2. Shin-Soo Choo -- He does what a team needs its leadoff hitter to do: He gets on base. I think he was out of position playing center field in Cincinnati. A move back to right field will do him good. He's got some power, good speed and he's a good outfielder. The only drawback is his agent is probably going to demand a six- or seven-year deal.

3. Jacoby Ellsbury -- The most overrated player on the free agent market this year. Some stupid GM is going to give this player over $100 million, even though guys who make their living with their legs always start to decline around age 30. Guess what? Ellsbury is 30. Aside from one season (2011), Ellsbury has never been a power hitter. His two best skills are his basestealing and his ability to play center field. Those are two things that leave with age. Caveat emptor.

4. Curtis Granderson -- Injuries ruined his 2013, but he hit 40-plus homers in both 2011 and 2012. Even though his numbers were aided by the short porch at Yankee Stadium, a healthy Granderson figures to provide some power production. Would be a decent value for somebody, if the injuries are behind him.

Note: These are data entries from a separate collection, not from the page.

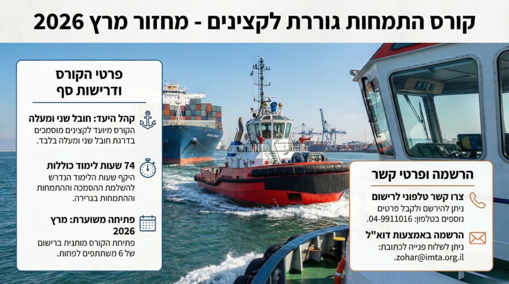 פבר162026כללי נפתחה ההרשמה לקורס התמחות גוררת לקצינים- חובל שני ומעלה. סה"כ שעות- 74 פתיחה משוערת – מרץ 2026 מותנה במספר מינימלי של משתתפים (6 לפחות) למעוניינים, אנא צרו קשר בטלפון: 04-9911016 או במייל: zohar@imta.org.il Post navigationPreviousPrevious post:קורס מודעות בטחונית ימית- פברואר 2026פוסטים קשוריםקורס מודעות בטחונית ימית- פברואר 2026פברואר 16, 2026אתגר "אני קצין בצי הסוחר הישראלי" בדף הפייסבוק שלנוינואר 29, 2026קורס כיבוי אש והישרדות בים 25-26.2.2026ינואר 29, 2026קורס חדש בתמרון אוניות לרבי חובלים וקצינים בכירים מחברת "צים"ינואר 26, 2026
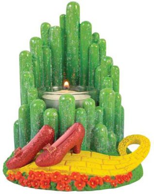 Wizard of Oz Emerald City & Ruby Slippers Tealight Candle Holder. This glittery candleholder measures about 5 inches tall and 4.5 inches wide. Ruby slippers, Yellow Brick Road, Poppies, and the Emerald City decorate this resin tealight candleholder.
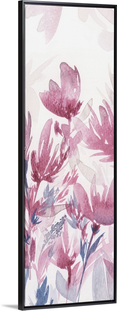 <p>Skinny panel watercolor painting of abstract flowers in pink and blue tones on a white background.</p>
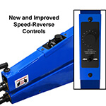 Built from plate steel, with 3/4 inch heavy duty shafts and hardened drive gears, this bead roller is built to last. The included industrial motor will bead up to 16 gauge (.059) mild steel and .063 aluminum. The reversible 110-volt motor features a variable-speed foot pedal control, a forward/reverse switch, and a speed range adjustment dial, allowing the operator to limit the maximum speed of the bead roller motor.
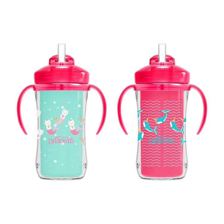 Dr. Brown's Insulated Sippy Straw Cup 12m+ - 2 Colours perfect 2 pack set for a Girl.
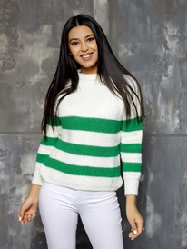 ESENIA Джемпер женский полушерстяной с полосками - Белый/Зелёный
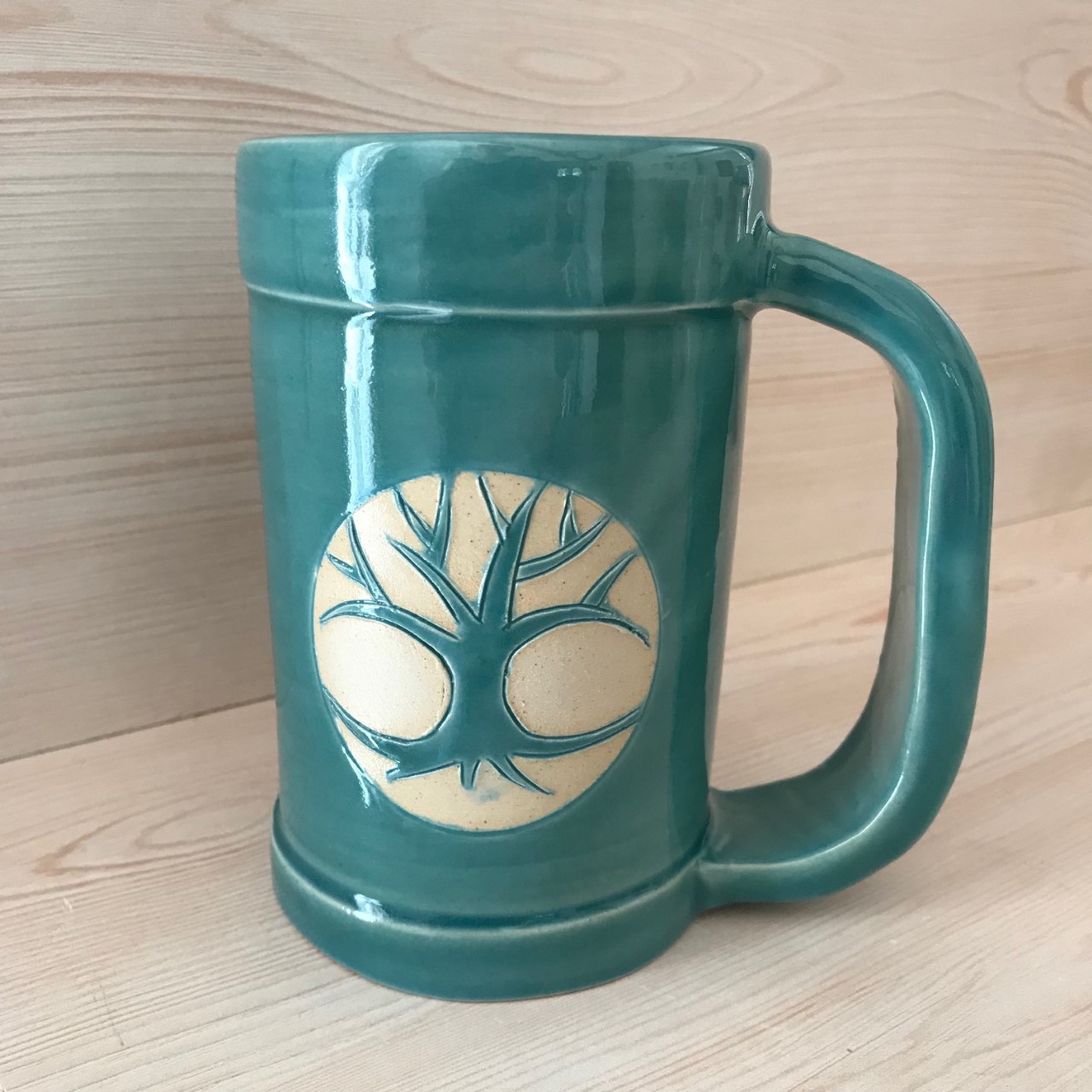 Je vous propose ici une chope en grès émaillé  couleur bleu canard décorée d’un arbre de vie.

5. Nelson Cruz -- His stock fell because of his Biogenesis suspension. Some will ask whether his power production is a mirage. Maybe it is. But some team is going to get him for cheaper than the usual market rate for a player with Cruz's numbers, and that could pay off.

Saturday, March 30, 2013

Now for some useless predictions

It's been quite a week for Detroit Tigers ace Justin Verlander. He was on the cover of Sports Illustrated's baseball preview edition, which arrived in my mailbox on Friday. He also signed a record contract that could earn him as much as $202 million over the next eight years.

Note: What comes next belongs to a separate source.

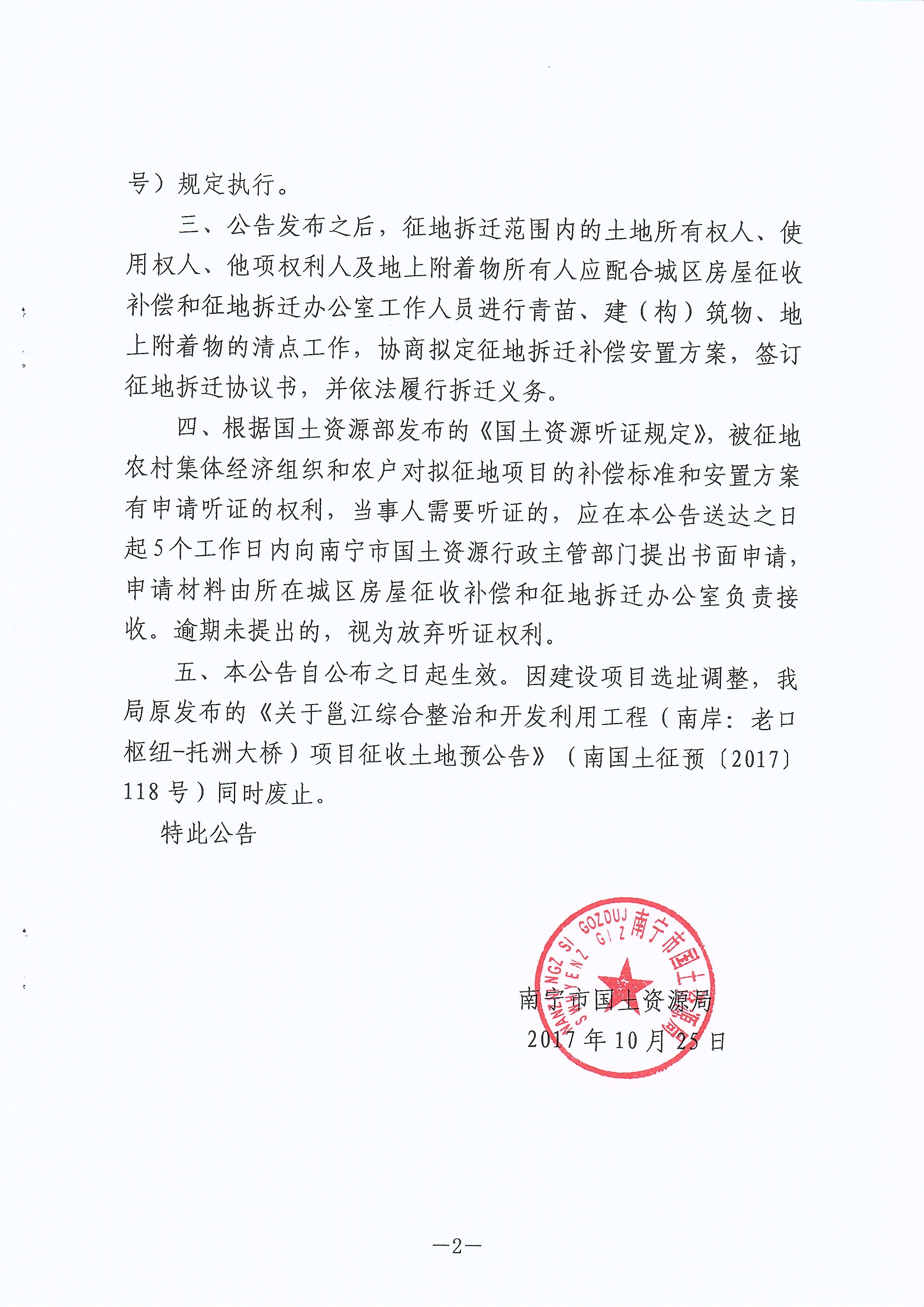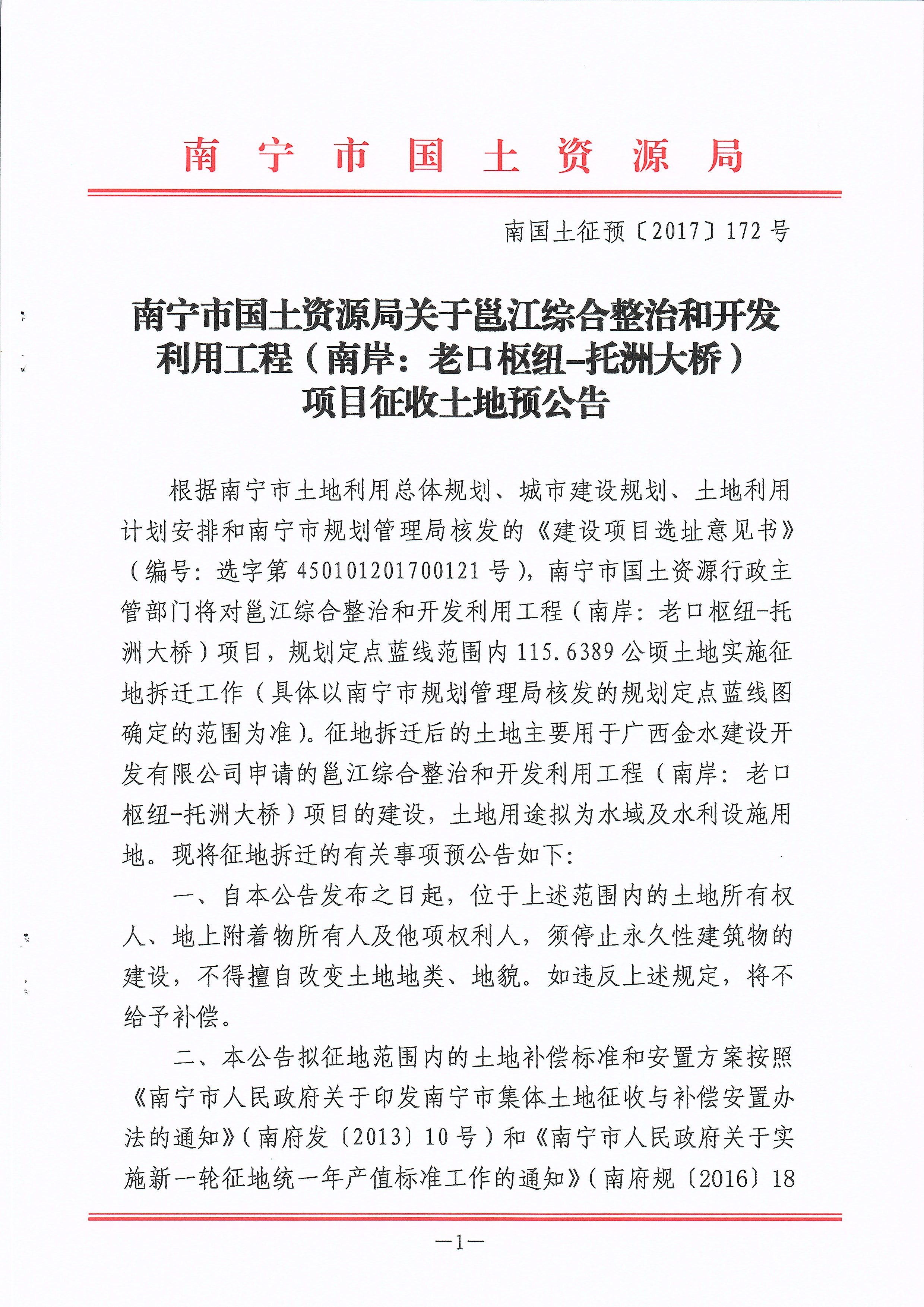 南国土征预〔2017〕172号 南宁市国土资源局关于邕江综合整治和开发利用工程(南岸:老口枢纽—托洲大桥)项目征收土地预公告

I can't blame the Tigers for locking up Verlander long-term. The guy is the best pitcher in baseball, bar none. But being a White Sox fan, I'm in the business of trying to jinx Verlander. Accordingly, he's pictured here on this blog with my season predictions. Hopefully, in combination with his appearance on the SI cover, this will cause him to have a crappy season and give the Sox a fighting chance in the AL Central.

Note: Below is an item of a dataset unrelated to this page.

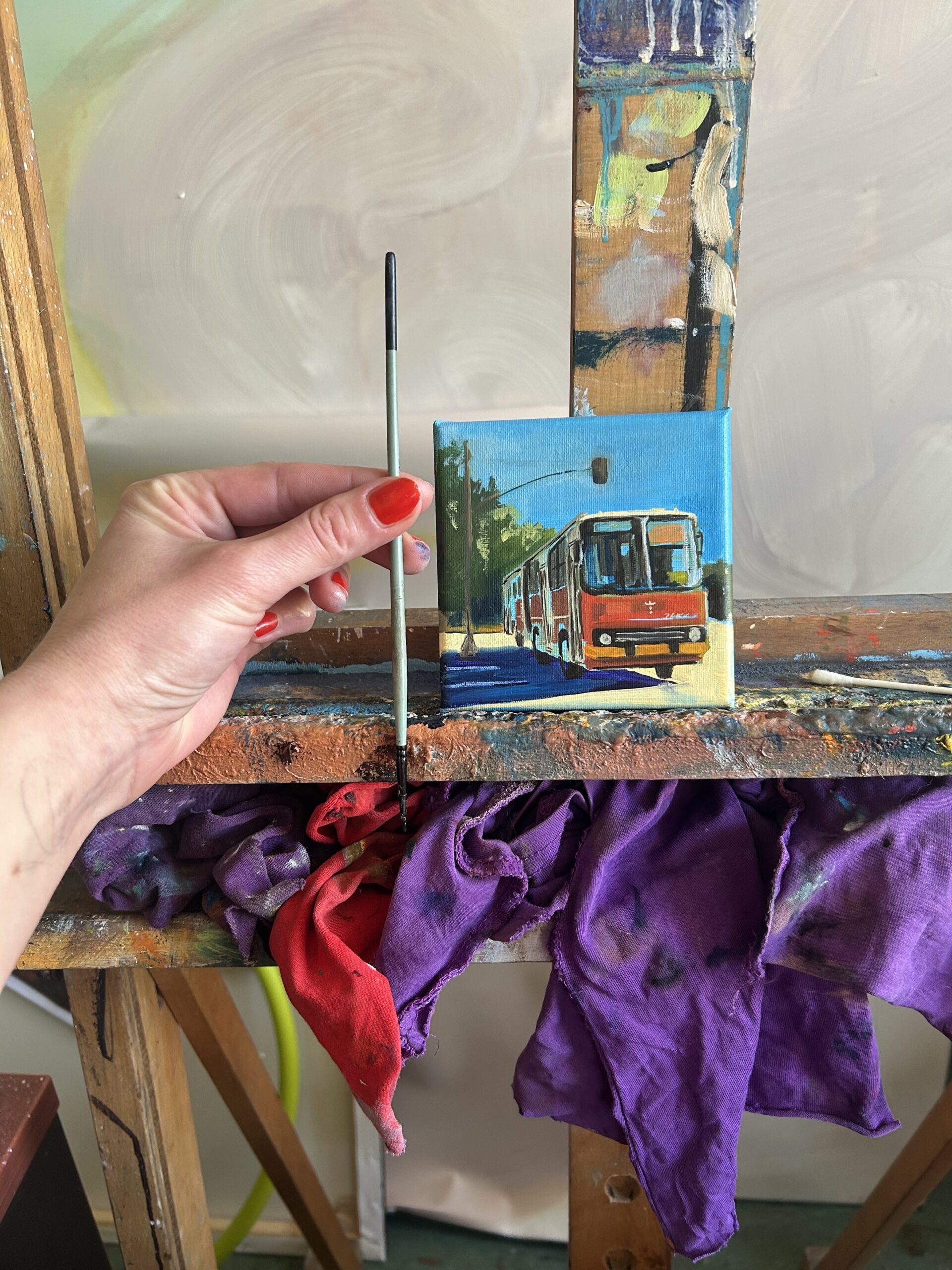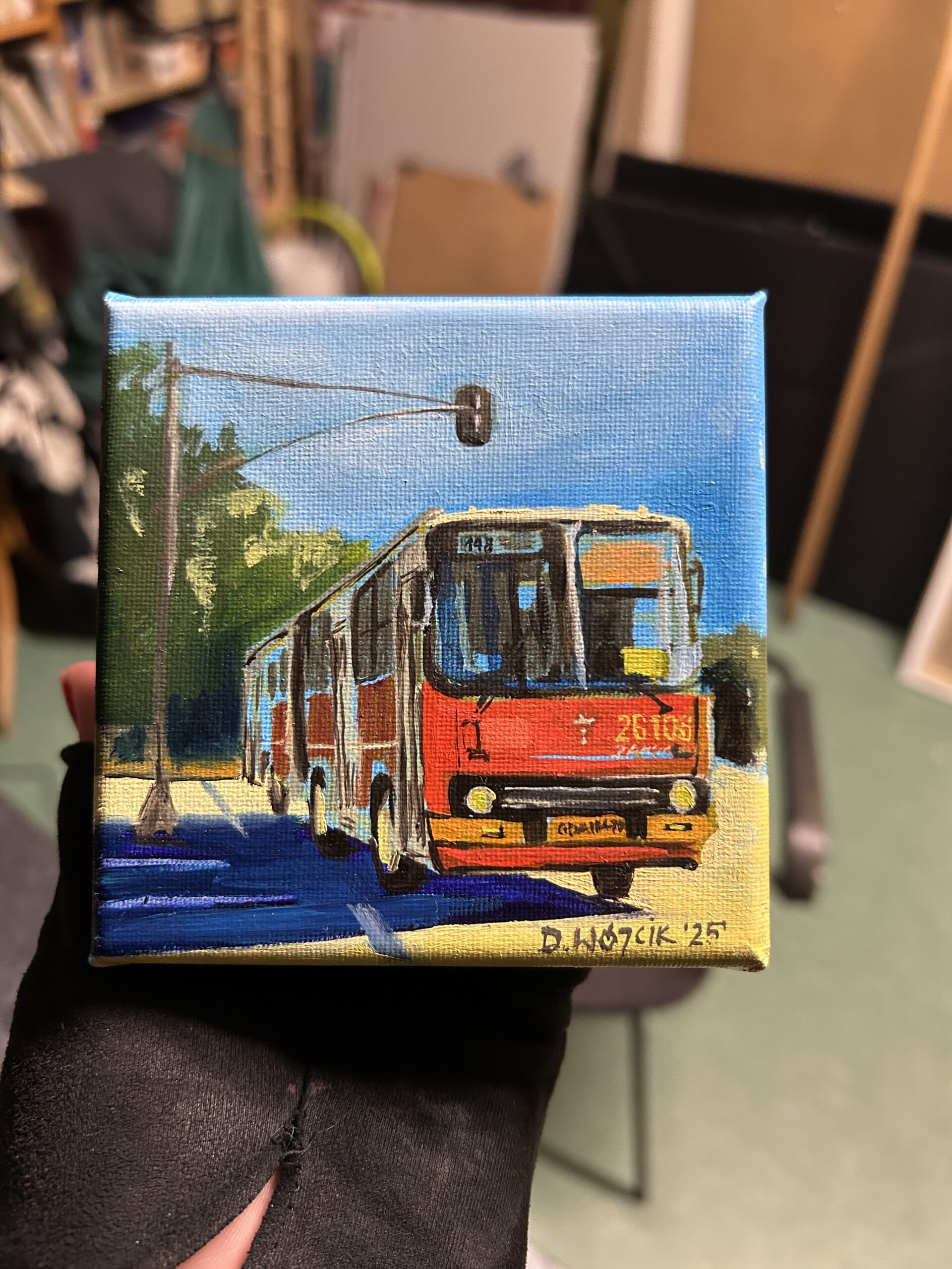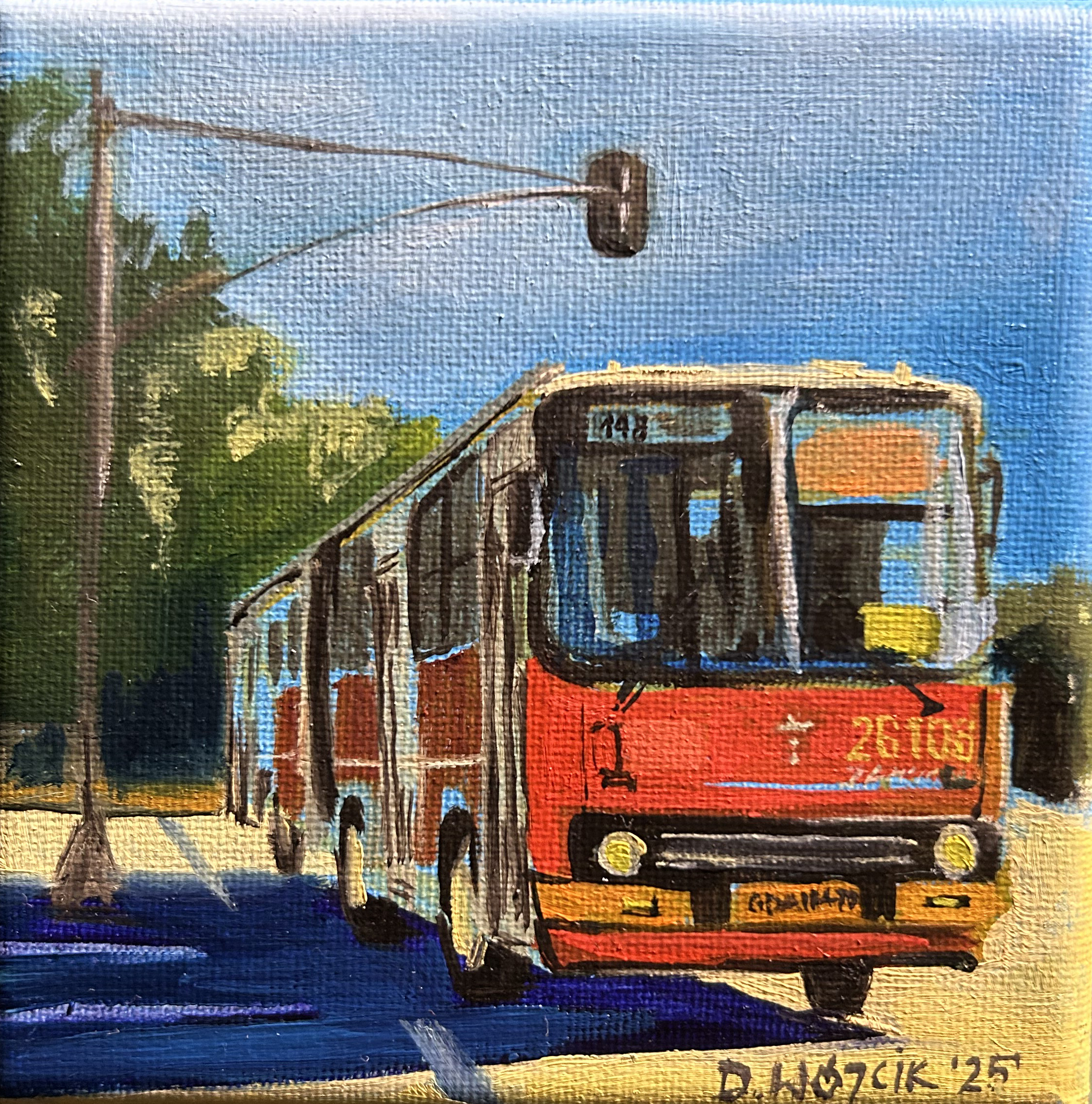 Na pierwszym planie widzimy autobus Ikarus 280 linii 148, uchwycony w sposób, który sam w sobie emanuje nostalgią. Autobus zajmuje całą uwagę obrazu — jego charakterystyczna, kanciasta sylwetka i duże okna przywołują wspomnienia minionej epoki komunikacji miejskiej. Nie ma ludzi ani elementów miejskich w tle, dzięki czemu cała scena koncentruje się wyłącznie na pojeździe. Kolory są kontrastowe i wyraziste, podkreślając formę i detal autobusu. Pomimo nowoczesnego wykonania obrazu, przedstawienie samego autobusu tworzy subtelne, nostalgiczne odczucie, jakby czas na moment zatrzymał się wokół tej ikonicznej maszyny.

Now, for some predictions. Mind you, I'm really bad at this. But hey, we're on the eve of a new season, and what's a baseball blog without some useless prognostication?

AL East
1. Rays
2. Blue Jays
3. Yankees
4. Red Sox
5. Orioles

AL Central
1. Tigers
2. White Sox
3. Indians
4. Royals
5. Twins

AL West
1. Rangers
2. Angels
3. A's
4. Mariners
5. Astros

AL MVP: Miguel Cabrera, Tigers
AL Cy Young: David Price, Rays
AL Rookie of the Year: Wil Myers, Rays

NL East
1. Nationals
2. Braves
3. Phillies
4. Mets
5. Marlins

NL Central
1. Cardinals
2. Reds
3. Brewers
4. Pirates
5. Cubs

NL West
1. Giants
2. Dodgers
3. Padres
4. Diamondbacks
5. Rockies

NL MVP: Matt Kemp, Dodgers
NL Cy Young: Matt Cain, Giants
NL Rookie of the Year: Shelby Miller, Cardinals

Playoffs:
AL Wild Card: Angels over Blue Jays
NL Wild Card: Dodgers over Reds

AL Division Series:
Tigers over Angels
Rays over Rangers

NL Division Series:
Nationals over Dodgers
Giants over Cardinals

ALCS:
Tigers over Rays

NLCS:
Nationals over Giants

World Series:
Nationals over Tigers

Come October, we'll come back to this entry and laugh about how wrong I was. Guarantee it.